Hypothesis / aims of study
Abdominal procedures for rectal prolapse (RP) are associated with lower recurrence rates than perineal operations. However, patients with significant comorbidities may be better suited for a perineal approach. The Risk Assessment Index (RAI) is a quick, easy validated tool to measure frailty that correlates with surgical outcomes [1]. The role of a frailty assessment in decision making for rectal prolapse repair is unknown. The aim of our study was to evaluate how RAI correlates with our existing RP repair decision-making process and postoperative outcomes.
Study design, materials and methods
Consecutive cases of rectal prolapse were captured in a prospective registry from 2017-2021. Patient and operative characteristics were recorded. All patients received preoperative Risk Analysis Index scores. RAI scores are categorized as robust (<20), normal (21-29), frail (30-39), or very frail (>=40). Patients with significant cardiac comorbidities were offered a perineal operation based on discretion of a single experienced surgeon. RAI was not formally used in the decision-making process. Postoperative Cleveland Clinic Fecal Incontinence Scores, Obstructed Defecation Scores, and Patient Global Impression of Change scores were recorded.
Results
Of the 115 patients in the registry with postoperative data, 86 (74.8%) underwent an abdominal (ab) operation and 29 (25.2%) underwent a perineal (pn) operation (Table 1). Both cohorts were mostly women (ab: 94.1% vs. pn: 93.1%m p=0.99) with similar preoperative obstructive defecation scores (ab: 8.0 vs. pn: 6.7, p=0.14) and preoperative fecal incontinence scores (ab: 11.8 vs. pn: 13.6, p=0.19). The population of patients who underwent perineal operations were older (mean age- ab: 60 vs. pn: 78y, p<0.001), with a more significant comorbidity burden (ASA score III or IV- ab:23.5% vs. pn: 65.5%, p=<0.001; cardiac comorbidity- ab: 32.6% vs. pn: 69.0%, p=0.001). The mean Risk Analysis Index score was higher in the perineal group (ab:20 vs. pn:31, p<0.001).
Most patients in the abdominal group underwent minimally invasive ventral mesh rectopexy (75.3%), while most patients in the perineal group underwent Altemeier proctosigmoidectomy (75.9%). The mean postoperative length of stay was longer in the perineal group (ab: 1.6 days versus pn: 2.2 days, p=0.03).

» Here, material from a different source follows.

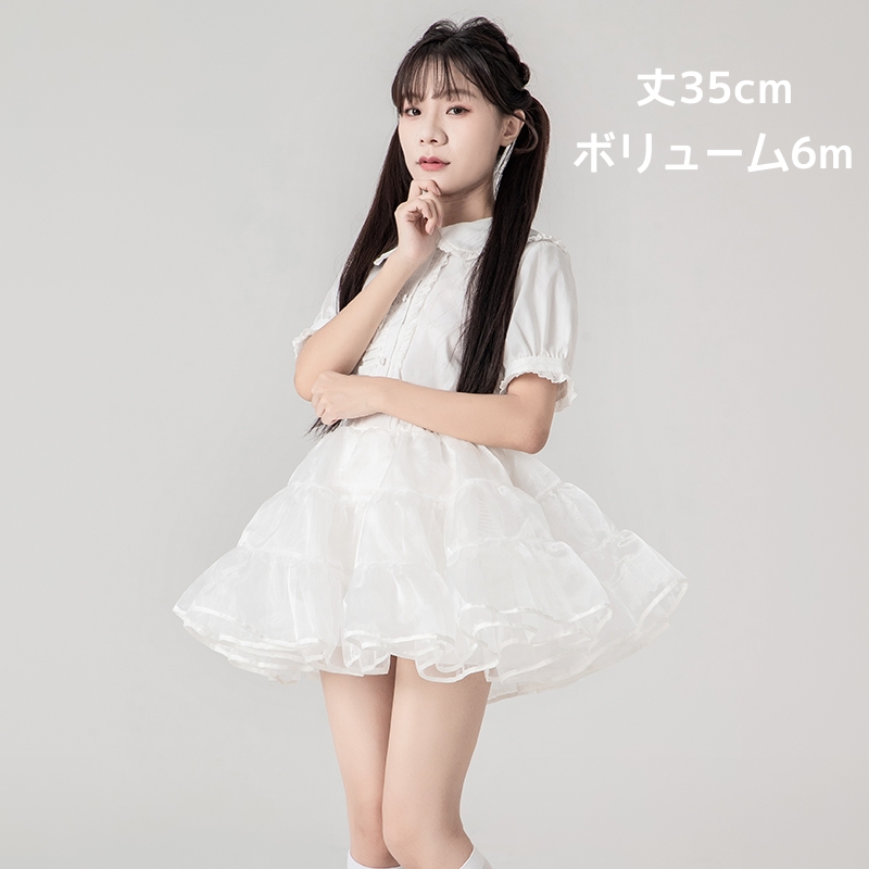 日常ボリューム パニエ ミニ丈 ロリータ ホワイト ブラック 35cm丈 ショート丈 オーガンジー ボリュームアップ フリル ステージ衣装

Higher recurrence rate in the perineal group (ab: 10.5% vs. pn: 34.5%, p=0.006) with a median time to recurrence of 246 days for abdominal patients, and 178 for perineal patients. The abdominal group had a higher complication rate (ab:18.6% vs. pn: 13.8%, p=0.78) though most complications were a Clavien-Dindo Grade 2 (ab: 12.0% vs. pn: 6.9%). Patients in both groups experienced a similar significant improvement in CCFIS (mean change: ab:-4.0 vs. pn: -3.0, p=0.55) and ODS score (mean change: ab:-2.7 vs. pn: -2.9, p=0.87). PGIC scores were similar at a mean of 35.6 days postoperatively (ab: 6.1 vs. pn: 6.0, p=0.64).
Interpretation of results
The RAI is an easy and quick tool that can be used in clinic and in our cohort, frail patients were more likely to be offered perineal operations. Although these patients had a longer postoperative stay, the complication profile was low, and patients were satisfied with their functional improvement at rates similar to the abdominal cohort. While evaluation of comorbidities can be subjective, the RAI is an objective metric that can help guide the shared decision-making process when determining what operations to offer patients with rectal prolapse. Ongoing research should further refine the role of frailty metrics in guiding decision-making on rectal prolapse surgery.